= Beginning of Section =

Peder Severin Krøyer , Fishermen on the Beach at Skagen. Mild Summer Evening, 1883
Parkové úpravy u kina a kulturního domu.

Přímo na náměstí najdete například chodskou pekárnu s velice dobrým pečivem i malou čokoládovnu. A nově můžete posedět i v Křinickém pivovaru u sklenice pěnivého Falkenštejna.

= End of Section =
= Beginning of Section =

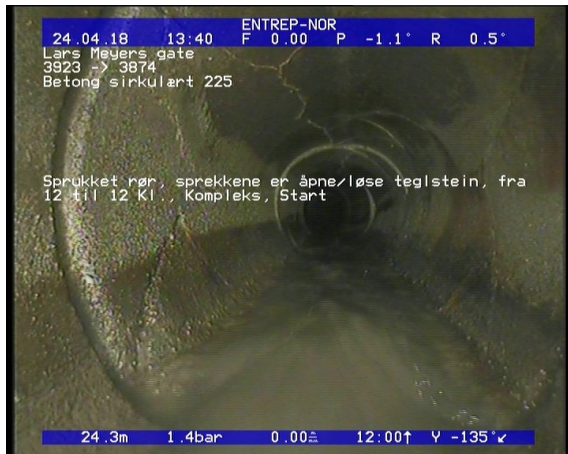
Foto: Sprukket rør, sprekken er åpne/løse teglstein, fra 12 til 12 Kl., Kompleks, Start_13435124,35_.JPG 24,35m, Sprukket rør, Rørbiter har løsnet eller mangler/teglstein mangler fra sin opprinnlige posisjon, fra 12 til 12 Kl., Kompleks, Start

= End of Section =

→ **What you have to do**: Repeat exactly the lines of the listing above, from the one with "Parkové úpravy u kina a kulturního domu." down to the one with "Přímo na náměstí"; both of those lines belong in the range.

→ **Written answer**:
Parkové úpravy u kina a kulturního domu.

Přímo na náměstí najdete například chodskou pekárnu s velice dobrým pečivem i malou čokoládovnu. A nově můžete posedět i v Křinickém pivovaru u sklenice pěnivého Falkenštejna.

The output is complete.